SOURCE MATERIAL: Begin

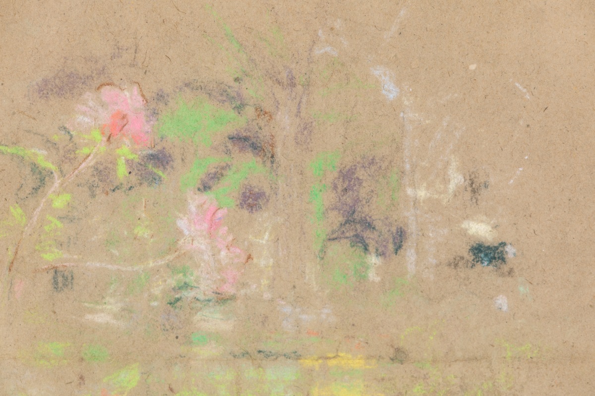 Edouard VUILLARD. Flowers alongside the pond. Pastel. Monogrammed stamp lower right.
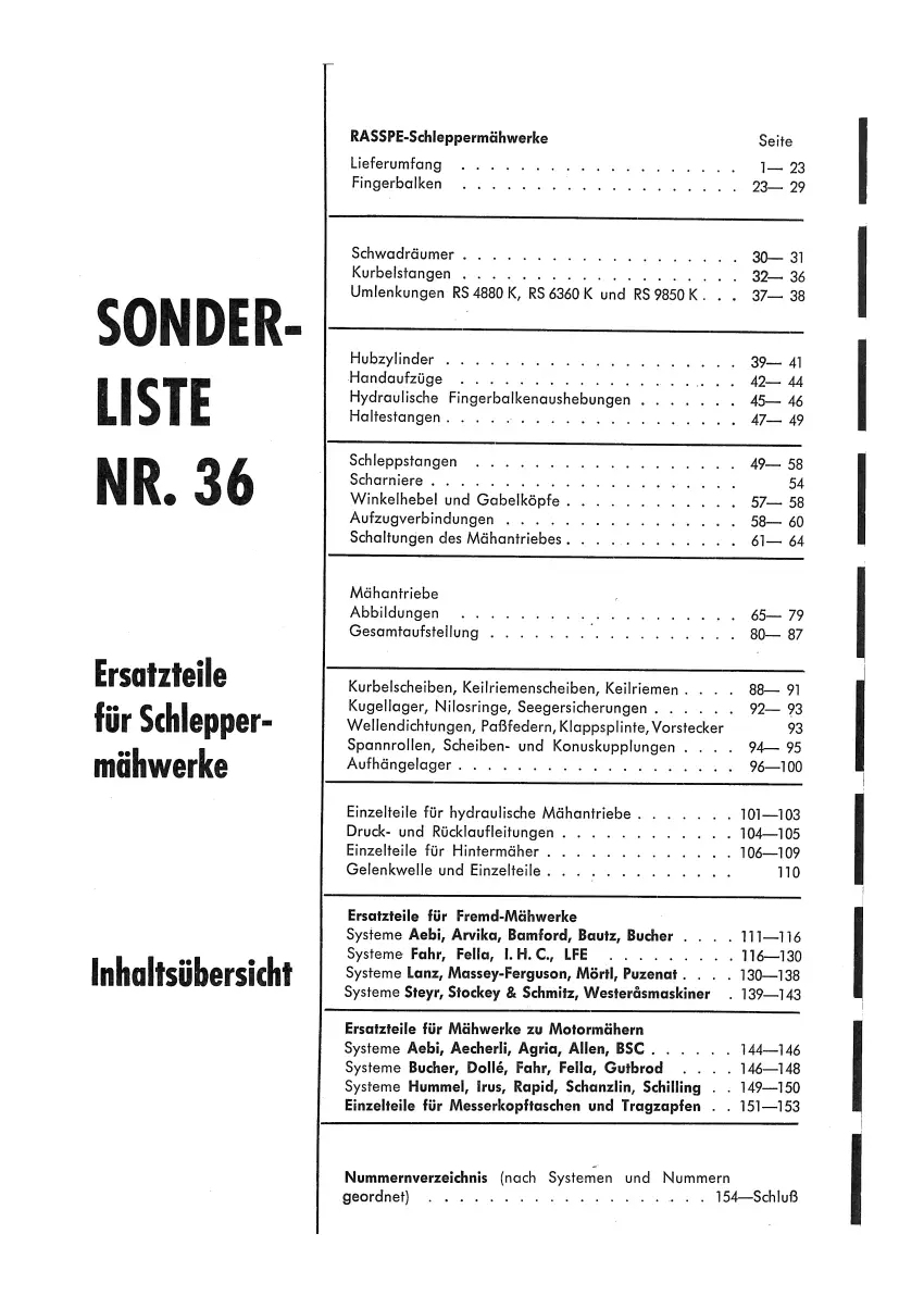 Rasspe Sonderliste Nr. 36 | Schlepper-Mähwerke | Explosionszeichnungen & Teileindex
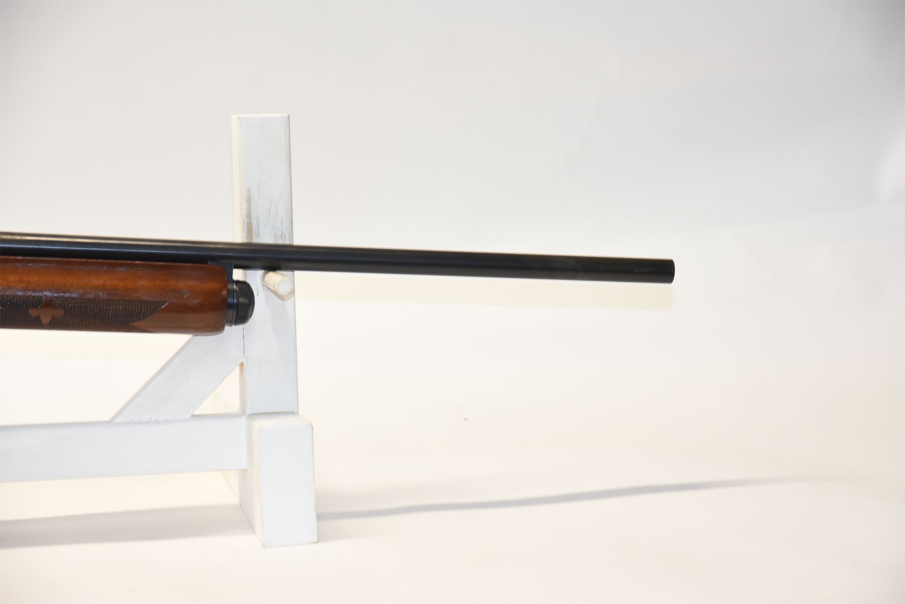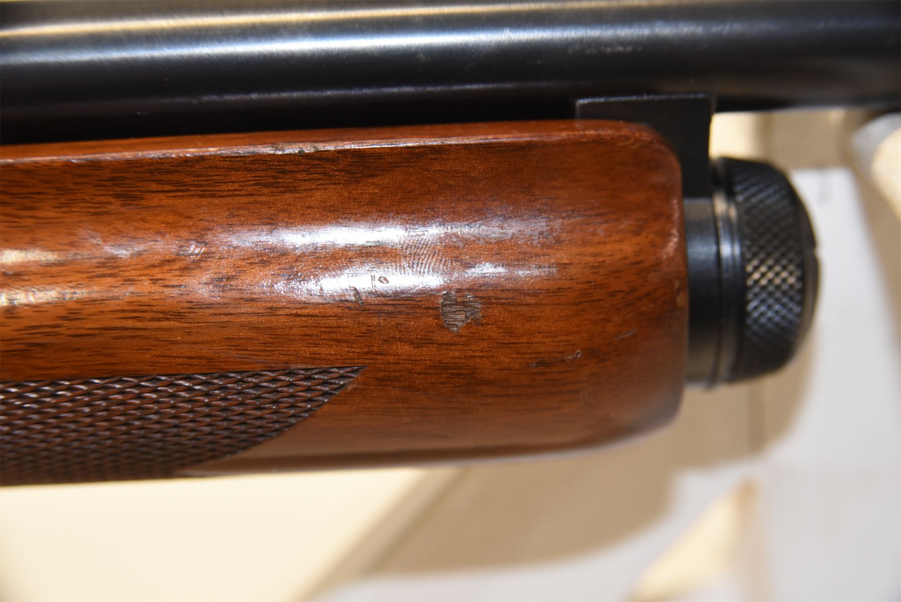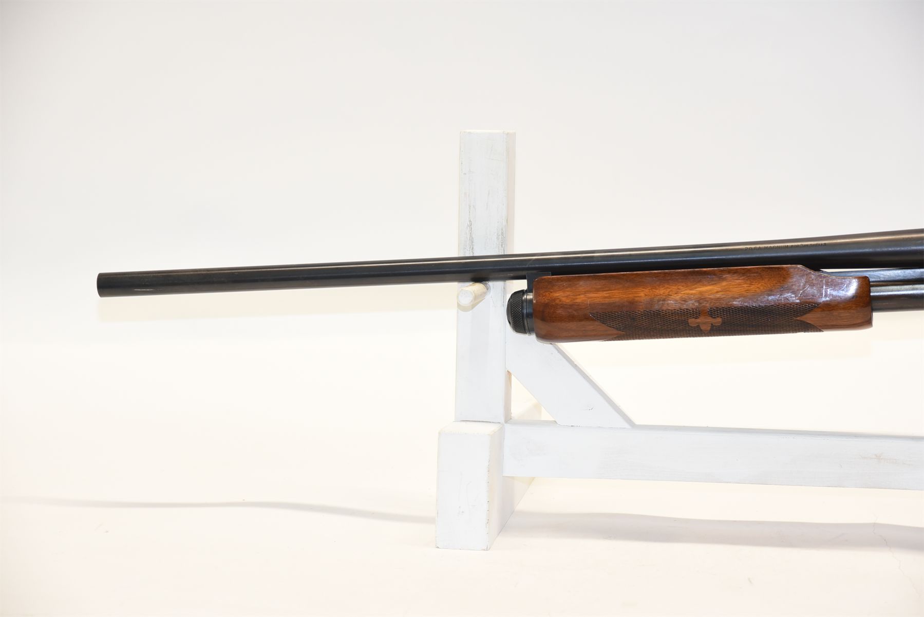 Barrel has been cut. Wood has scuffs, scratches, and dents. Condition is good. Bluing has wear in areas, patina present, scratches, and scuffs. Condition is good. Bore is excellent.
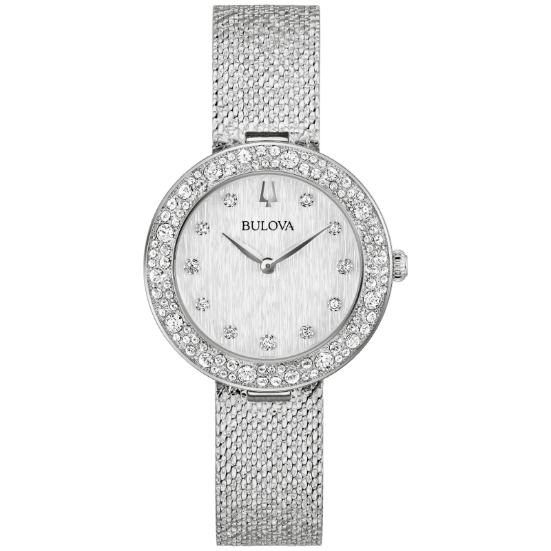 Step into the golden age of glitz and glamour with the luxuriously appointed women's Champagne Crystal timepiece. Meticulously set with 103 dazzling Austrian crystals, the silver-tone stainless steel case's bezel conjures the effervescence of champagne, while the glittering silver-tone fine mesh strap shimmers with sophistication and offers unrivaled comfort with its adjustable sliding buckle. The brilliant silver-tone dial is no less spectacular, with a refined texture, 11 crystal hour markers, and polished silver-tone hands creating a truly magnificent aesthetic. A timeless merging of style and grace, the Bulova ladies' Phantom timepiece elevates every ensemble and wardrobe.
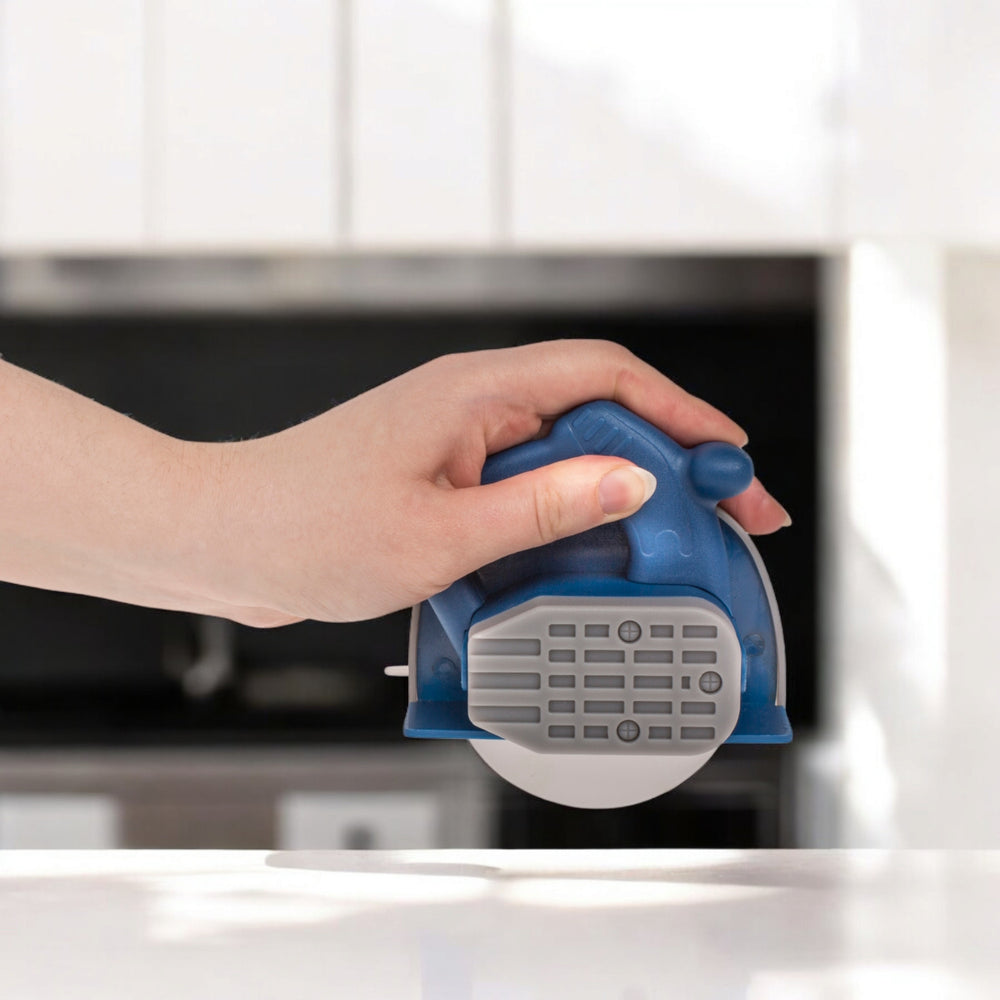 - Unser Pizzaroller sieht aus wie eine kleine Handkreissäge in coolem Blau und Grau. Der integrierte Sägeblattschutz sorgt für Sicherheit, indem er nach dem Schneiden automatisch zurückspringt. Und das Beste? Die Klinge ist leicht entfernbar und somit hervorragend zu reinigen – praktisch und schick!

SOURCE MATERIAL: End

[EXERCISE INSTRUCTIONS]
Would you please repeat all the data word for word, but without the pictures?

[PROBLEM SOLUTION]
 Edouard VUILLARD. Flowers alongside the pond. Pastel. Monogrammed stamp lower right.
 Rasspe Sonderliste Nr. 36 | Schlepper-Mähwerke | Explosionszeichnungen & Teileindex
 Barrel has been cut. Wood has scuffs, scratches, and dents. Condition is good. Bluing has wear in areas, patina present, scratches, and scuffs. Condition is good. Bore is excellent.
 Step into the golden age of glitz and glamour with the luxuriously appointed women's Champagne Crystal timepiece. Meticulously set with 103 dazzling Austrian crystals, the silver-tone stainless steel case's bezel conjures the effervescence of champagne, while the glittering silver-tone fine mesh strap shimmers with sophistication and offers unrivaled comfort with its adjustable sliding buckle. The brilliant silver-tone dial is no less spectacular, with a refined texture, 11 crystal hour markers, and polished silver-tone hands creating a truly magnificent aesthetic. A timeless merging of style and grace, the Bulova ladies' Phantom timepiece elevates every ensemble and wardrobe.
 - Unser Pizzaroller sieht aus wie eine kleine Handkreissäge in coolem Blau und Grau. Der integrierte Sägeblattschutz sorgt für Sicherheit, indem er nach dem Schneiden automatisch zurückspringt. Und das Beste? Die Klinge ist leicht entfernbar und somit hervorragend zu reinigen – praktisch und schick!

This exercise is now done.